§ AIM OF THE TASK:
From the data below, repeat exactly the lines from the line with "Marjan podle Fragrance" to the line with "Discover the cliff", both included.

Stored entries
========

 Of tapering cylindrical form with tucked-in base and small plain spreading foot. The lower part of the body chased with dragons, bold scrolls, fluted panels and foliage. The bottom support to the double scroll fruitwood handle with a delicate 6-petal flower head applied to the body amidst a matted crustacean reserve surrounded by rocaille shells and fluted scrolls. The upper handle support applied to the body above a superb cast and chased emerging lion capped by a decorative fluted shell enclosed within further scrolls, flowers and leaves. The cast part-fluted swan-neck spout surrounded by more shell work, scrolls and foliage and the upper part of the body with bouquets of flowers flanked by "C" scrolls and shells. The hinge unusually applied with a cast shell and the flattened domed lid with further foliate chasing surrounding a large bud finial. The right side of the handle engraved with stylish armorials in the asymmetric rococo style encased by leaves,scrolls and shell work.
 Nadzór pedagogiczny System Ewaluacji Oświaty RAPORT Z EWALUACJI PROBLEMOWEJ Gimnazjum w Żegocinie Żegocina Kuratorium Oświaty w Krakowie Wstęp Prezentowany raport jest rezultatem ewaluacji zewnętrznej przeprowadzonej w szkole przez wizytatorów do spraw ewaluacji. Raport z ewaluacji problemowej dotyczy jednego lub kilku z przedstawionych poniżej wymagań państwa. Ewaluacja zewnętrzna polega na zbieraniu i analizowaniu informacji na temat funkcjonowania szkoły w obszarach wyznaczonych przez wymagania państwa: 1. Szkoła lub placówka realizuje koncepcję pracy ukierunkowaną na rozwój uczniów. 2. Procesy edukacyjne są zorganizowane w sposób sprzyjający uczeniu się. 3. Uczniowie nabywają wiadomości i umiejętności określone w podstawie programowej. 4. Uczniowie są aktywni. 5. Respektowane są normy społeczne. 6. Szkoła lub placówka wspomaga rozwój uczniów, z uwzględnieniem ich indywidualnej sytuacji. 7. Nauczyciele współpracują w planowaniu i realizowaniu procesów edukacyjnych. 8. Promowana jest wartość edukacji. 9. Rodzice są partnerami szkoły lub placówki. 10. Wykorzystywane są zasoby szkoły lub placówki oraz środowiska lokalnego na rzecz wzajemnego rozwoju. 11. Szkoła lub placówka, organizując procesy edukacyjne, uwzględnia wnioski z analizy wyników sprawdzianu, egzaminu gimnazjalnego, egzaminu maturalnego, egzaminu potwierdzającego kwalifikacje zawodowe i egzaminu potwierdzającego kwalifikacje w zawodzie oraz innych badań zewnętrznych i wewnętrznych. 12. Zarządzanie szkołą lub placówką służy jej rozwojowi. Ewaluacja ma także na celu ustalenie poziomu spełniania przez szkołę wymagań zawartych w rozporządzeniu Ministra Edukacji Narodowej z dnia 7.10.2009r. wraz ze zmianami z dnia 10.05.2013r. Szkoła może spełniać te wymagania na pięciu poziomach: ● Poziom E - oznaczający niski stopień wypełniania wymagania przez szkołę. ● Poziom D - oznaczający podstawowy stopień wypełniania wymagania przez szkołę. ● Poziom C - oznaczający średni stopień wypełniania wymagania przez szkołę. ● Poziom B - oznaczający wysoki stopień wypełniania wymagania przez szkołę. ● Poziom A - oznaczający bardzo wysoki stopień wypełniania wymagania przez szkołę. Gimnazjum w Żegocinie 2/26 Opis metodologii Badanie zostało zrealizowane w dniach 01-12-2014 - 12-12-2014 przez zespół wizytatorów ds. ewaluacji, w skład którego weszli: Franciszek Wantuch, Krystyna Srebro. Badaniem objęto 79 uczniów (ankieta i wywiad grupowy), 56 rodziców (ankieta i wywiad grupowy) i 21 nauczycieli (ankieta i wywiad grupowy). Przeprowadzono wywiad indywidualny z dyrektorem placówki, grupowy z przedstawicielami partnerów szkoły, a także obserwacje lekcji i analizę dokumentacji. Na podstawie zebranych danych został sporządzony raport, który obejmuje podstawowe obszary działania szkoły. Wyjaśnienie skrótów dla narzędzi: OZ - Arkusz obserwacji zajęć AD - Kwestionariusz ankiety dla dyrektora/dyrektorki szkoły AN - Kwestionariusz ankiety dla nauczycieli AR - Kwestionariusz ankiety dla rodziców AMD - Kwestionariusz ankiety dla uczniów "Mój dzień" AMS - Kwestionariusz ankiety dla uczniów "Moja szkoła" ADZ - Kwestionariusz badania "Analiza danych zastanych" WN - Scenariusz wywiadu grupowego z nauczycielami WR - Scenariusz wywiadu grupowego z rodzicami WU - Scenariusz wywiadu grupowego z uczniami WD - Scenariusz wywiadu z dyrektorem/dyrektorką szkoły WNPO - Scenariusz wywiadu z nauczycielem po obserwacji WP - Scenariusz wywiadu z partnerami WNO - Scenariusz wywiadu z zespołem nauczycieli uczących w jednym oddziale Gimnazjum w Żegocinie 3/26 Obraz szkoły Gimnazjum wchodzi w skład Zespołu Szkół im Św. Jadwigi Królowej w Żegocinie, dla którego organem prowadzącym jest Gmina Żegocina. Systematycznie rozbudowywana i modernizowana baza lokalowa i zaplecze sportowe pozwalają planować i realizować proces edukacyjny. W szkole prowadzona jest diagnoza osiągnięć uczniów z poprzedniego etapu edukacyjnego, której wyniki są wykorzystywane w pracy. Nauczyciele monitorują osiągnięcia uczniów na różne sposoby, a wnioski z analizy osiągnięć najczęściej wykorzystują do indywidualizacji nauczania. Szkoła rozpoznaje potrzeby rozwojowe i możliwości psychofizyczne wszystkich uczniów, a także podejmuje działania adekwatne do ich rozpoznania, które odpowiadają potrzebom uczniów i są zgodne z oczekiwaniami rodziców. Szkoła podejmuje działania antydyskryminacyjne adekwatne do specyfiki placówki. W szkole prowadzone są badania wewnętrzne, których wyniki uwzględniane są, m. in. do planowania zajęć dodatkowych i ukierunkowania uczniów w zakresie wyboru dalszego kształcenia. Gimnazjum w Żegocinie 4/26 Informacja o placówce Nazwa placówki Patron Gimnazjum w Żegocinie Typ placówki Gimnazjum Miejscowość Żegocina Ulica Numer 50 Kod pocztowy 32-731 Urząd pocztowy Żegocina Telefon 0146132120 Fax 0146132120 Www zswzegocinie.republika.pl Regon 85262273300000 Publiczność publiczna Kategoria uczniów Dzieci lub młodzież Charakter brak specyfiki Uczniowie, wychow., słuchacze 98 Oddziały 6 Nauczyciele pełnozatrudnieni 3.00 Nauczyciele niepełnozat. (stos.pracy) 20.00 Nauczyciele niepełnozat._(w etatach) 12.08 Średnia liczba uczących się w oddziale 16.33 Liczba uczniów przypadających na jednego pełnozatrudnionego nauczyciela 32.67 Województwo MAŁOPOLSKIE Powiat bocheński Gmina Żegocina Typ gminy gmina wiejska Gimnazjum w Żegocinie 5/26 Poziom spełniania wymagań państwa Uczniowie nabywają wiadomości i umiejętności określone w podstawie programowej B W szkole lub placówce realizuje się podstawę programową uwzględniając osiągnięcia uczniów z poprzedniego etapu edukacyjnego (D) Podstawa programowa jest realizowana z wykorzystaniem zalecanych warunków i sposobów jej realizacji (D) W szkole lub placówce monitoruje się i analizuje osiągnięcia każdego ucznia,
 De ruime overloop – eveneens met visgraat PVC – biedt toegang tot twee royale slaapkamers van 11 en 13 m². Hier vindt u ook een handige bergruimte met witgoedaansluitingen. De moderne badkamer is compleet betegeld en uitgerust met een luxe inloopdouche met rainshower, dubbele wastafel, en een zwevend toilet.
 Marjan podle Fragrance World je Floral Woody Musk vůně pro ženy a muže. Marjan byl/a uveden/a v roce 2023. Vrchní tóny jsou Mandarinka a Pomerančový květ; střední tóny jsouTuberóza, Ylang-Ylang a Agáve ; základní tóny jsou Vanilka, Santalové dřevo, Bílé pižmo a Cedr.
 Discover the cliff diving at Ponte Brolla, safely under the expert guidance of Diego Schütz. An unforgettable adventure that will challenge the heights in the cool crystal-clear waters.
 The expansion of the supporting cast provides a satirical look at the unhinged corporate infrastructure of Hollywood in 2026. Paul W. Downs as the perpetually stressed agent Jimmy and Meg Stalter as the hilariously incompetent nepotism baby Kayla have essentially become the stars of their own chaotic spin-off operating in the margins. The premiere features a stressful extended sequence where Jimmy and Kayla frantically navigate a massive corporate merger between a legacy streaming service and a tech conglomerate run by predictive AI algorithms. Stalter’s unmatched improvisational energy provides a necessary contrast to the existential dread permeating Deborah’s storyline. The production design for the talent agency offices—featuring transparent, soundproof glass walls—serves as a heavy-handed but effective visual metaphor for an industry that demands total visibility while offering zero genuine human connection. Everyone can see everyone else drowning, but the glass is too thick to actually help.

========

§ SOLUTION TO THIS EXERCISE:
 Marjan podle Fragrance World je Floral Woody Musk vůně pro ženy a muže. Marjan byl/a uveden/a v roce 2023. Vrchní tóny jsou Mandarinka a Pomerančový květ; střední tóny jsouTuberóza, Ylang-Ylang a Agáve ; základní tóny jsou Vanilka, Santalové dřevo, Bílé pižmo a Cedr.
 Discover the cliff diving at Ponte Brolla, safely under the expert guidance of Diego Schütz. An unforgettable adventure that will challenge the heights in the cool crystal-clear waters.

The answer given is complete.